Directly ahead, two pirate destroyers blinked into local space. A flurry of red alert symbols flared across the viewscreen.
"What are those?" Auren cried.
"Nuclear missiles," Lupo murmured.
He was redirecting all power to the engines now. He'd even dropped the shields and momentarily killed life support to accelerate the drive's spooling up.
"Multiple warheads incoming. Restore power to point defense immediately," the ship's computer warned.
Auren screamed in terror.
"Impact in five… four… three… two… one…" the computer counted.
And then, to Lupo's utter amazement, they blinked out. All at once, the viewscreen was delightfully cleared of all its warnings. Nothing but a field of stars whirled beyond as they channeled across the hyperlane on autopilot toward the place Lupo had almost abandoned the idea of returning to: Thestle.
"Yo, serial killer, mind telling me where we're going?" Auren demanded. He leaned down beside Lupo and stared out at the stars. His mouth fell open.
"Holy shit," he gasped, watching as space flew by at a truly mind-numbing rate.
"I'm sorry. I swear before all of this I was a kind man," Lupo said.
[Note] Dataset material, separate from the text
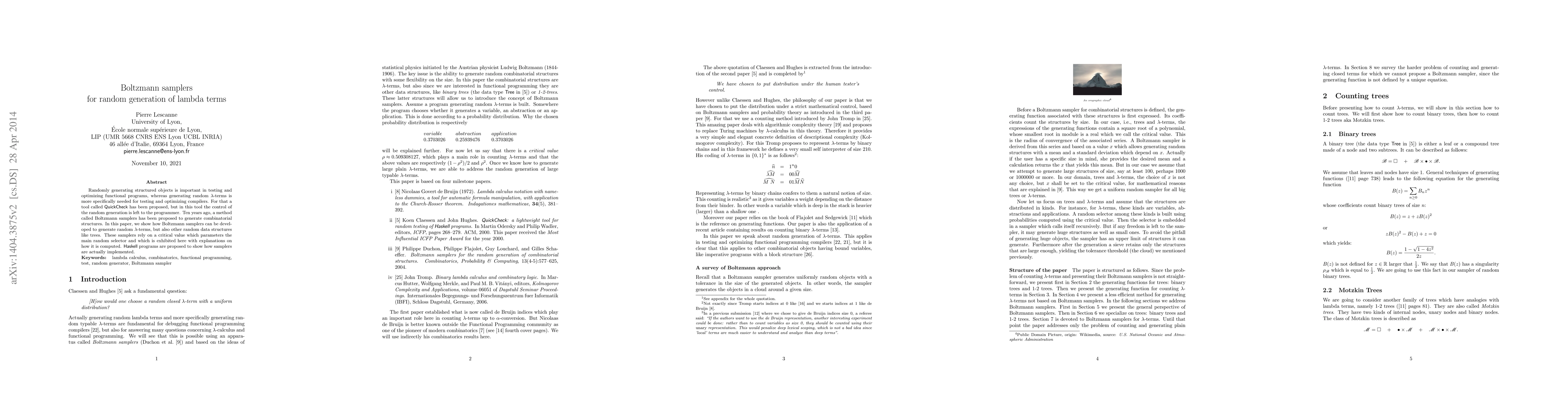 This paper introduces Boltzmann samplers for generating lambda terms and other data structures, providing a method to control the random generation process. It explains the critical value parameter and demonstrates implementation in Haskell.

He hoped Auren could believe him.
"Where are you taking us?" Auren asked after a time. He'd sat down cross-legged on the floor beside him and was still raptly watching the stars as though he'd never seen them before.
"Thestle."
"It's six days' transit. I can help you enable realistic settings if you'd like to maintain a more natural schedule, or I can deactivate whichever you don't want to burden yourself with. Personally, I think the more realistic we keep our simulations, the more human we'll remain. What that says about me after what I've been through… I'm not sure." Lupo grinned.
Auren looked at him with eyes that seemed to want to trust but couldn't manage it.
The younger man rubbed his chin thoughtfully, closed his eyes, and rocked slightly, as though he were coming to terms with some tremendous inner conflict. He wiggled his feet, rubbing one atop the other as he considered his options.
Lupo let him think.
"I'll do the natural thing too. I don't know if I trust you yet. But I think I'm starting to," he said quietly.
And that was more than enough for Lupo, who was thankful for the company.